§ Information supplied:

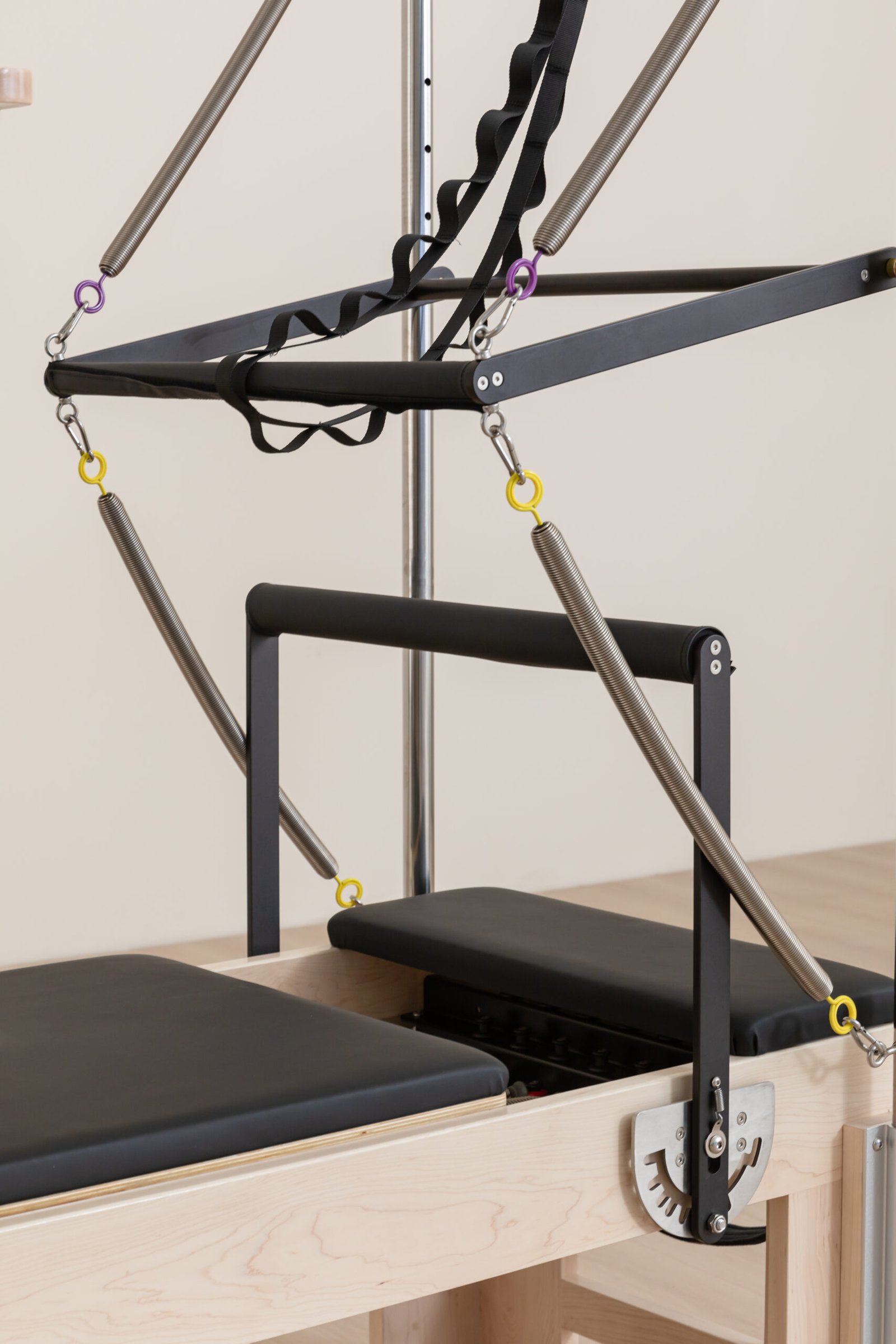 Unlike a traditional Reformer, this system includes a Cadillac frame and Tower unit, enabling additional suspension training, spring-assisted movement, and advanced Pilates exercises.
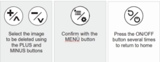 - Select the image to be deleted using the PLUS and MINUS buttons
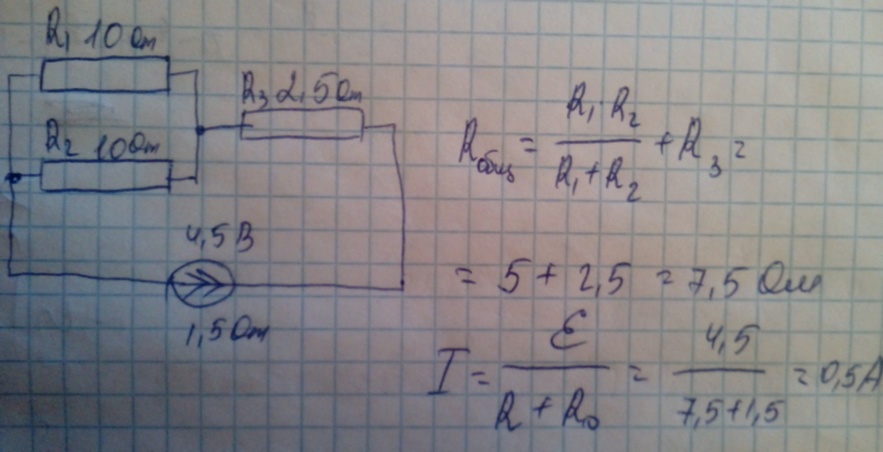 паралельно третьего проводника сопротивлением 2.5 ом подключенного к ним последовательно. Чему равна сила тока в цепи ? выполните рисунок схемы электрической цепи!
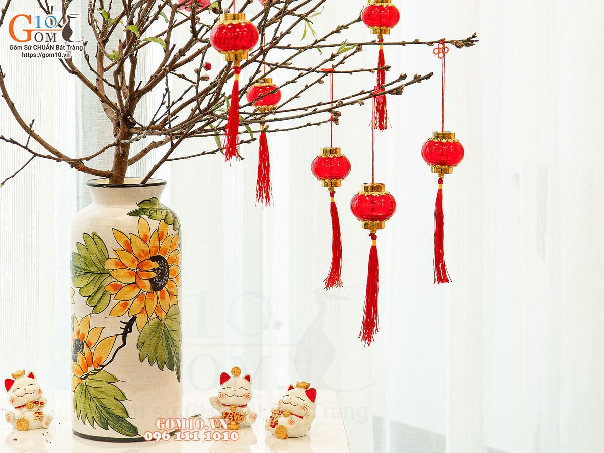 - Lọ cắm hoa dáng trụ tròn rất phù hợp để các bạn cắm các loại cành hoa có dáng cao, to như hoa đào, mai, hoa sen, hoa ly, hoa hướng dương, hoa lay ơn, hoa đồng tiền…
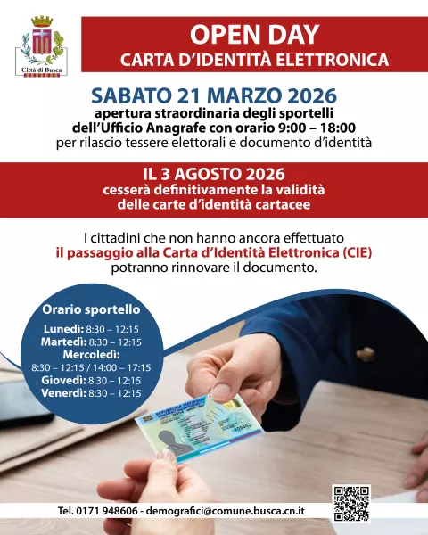 Sabato 21 marzo, in vista del referendum del 22 e 23 marzo, l’Ufficio Anagrafe del Comune di Busca garantirà l’apertura straordinaria degli sportelli dalle ore 9.00 alle ore 18.00. In questa occasione, i cittadini che non hanno ancora effettuato il passaggio alla Carta d’Identità Elettronica (CIE) potranno rinnovare il documento.
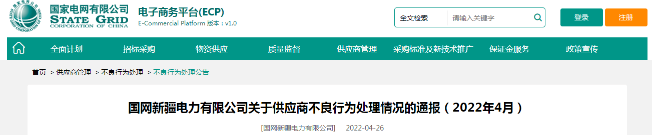 國網(wǎng)新疆電力有限公司關于供應商不良行為處理情況的通報 編號:2022-2 | |||
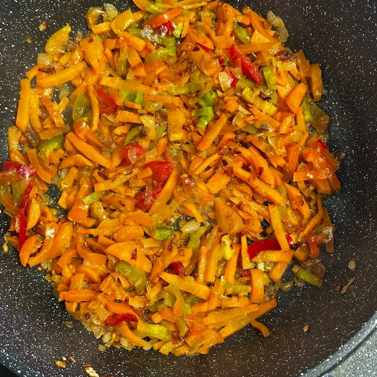лук, морковь, красный болгарский перец. Добавляем томатную пасту, хмели-сунели, копченую паприку.
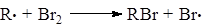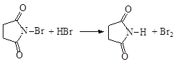 Б) Химизм бромирования N-бромсукцинимидом. После инициации реакции и образования радикала Br ., цепная реакция имеет следующий вид:
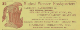 Philadelphia advertisement, Harbach Organina Co., 809 Filbert, musical instruments, mammoth, 1882, cabinet organs, harmonette, catalogue, Gem Organina
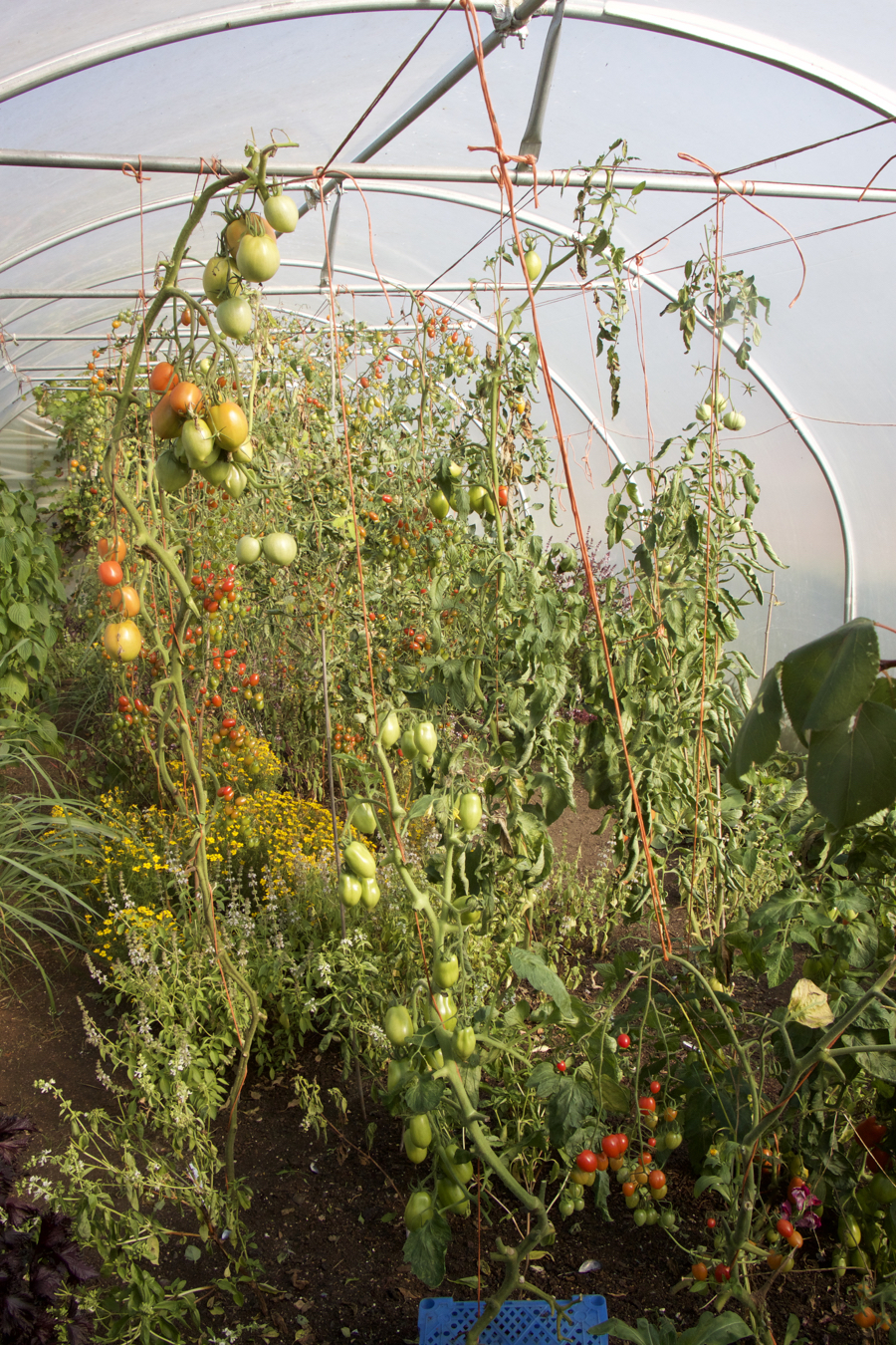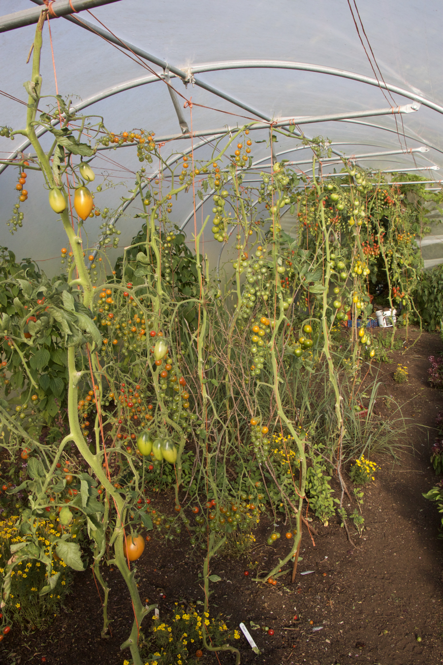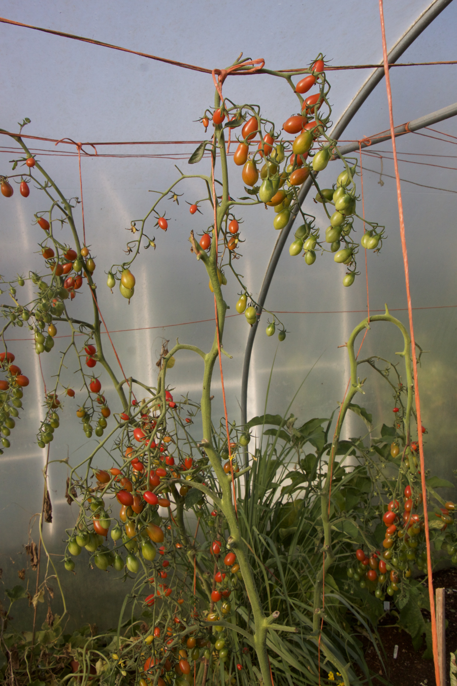 Outdoor tomatoes were affected by blight a few weeks ago; it has now got into the polytunnel. Although I keep the leaves dry and the tunnel well ventilated, I think side shoots touching the polytunnel roof, where condensation gathers, helped create the right moisture and warmth conditions for it.

§ Your assignment:
Everything from the line containing "國網(wǎng)新疆電力有限公司關于供應商不良行為處理情況的通報 編號:2022-2 |" through the last line of the entries must be repeated verbatim, except pictures.

§ Solution for this task:
 國網(wǎng)新疆電力有限公司關于供應商不良行為處理情況的通報 編號:2022-2 | |||
лук, морковь, красный болгарский перец. Добавляем томатную пасту, хмели-сунели, копченую паприку.
 Б) Химизм бромирования N-бромсукцинимидом. После инициации реакции и образования радикала Br ., цепная реакция имеет следующий вид:
 Philadelphia advertisement, Harbach Organina Co., 809 Filbert, musical instruments, mammoth, 1882, cabinet organs, harmonette, catalogue, Gem Organina
 Outdoor tomatoes were affected by blight a few weeks ago; it has now got into the polytunnel. Although I keep the leaves dry and the tunnel well ventilated, I think side shoots touching the polytunnel roof, where condensation gathers, helped create the right moisture and warmth conditions for it.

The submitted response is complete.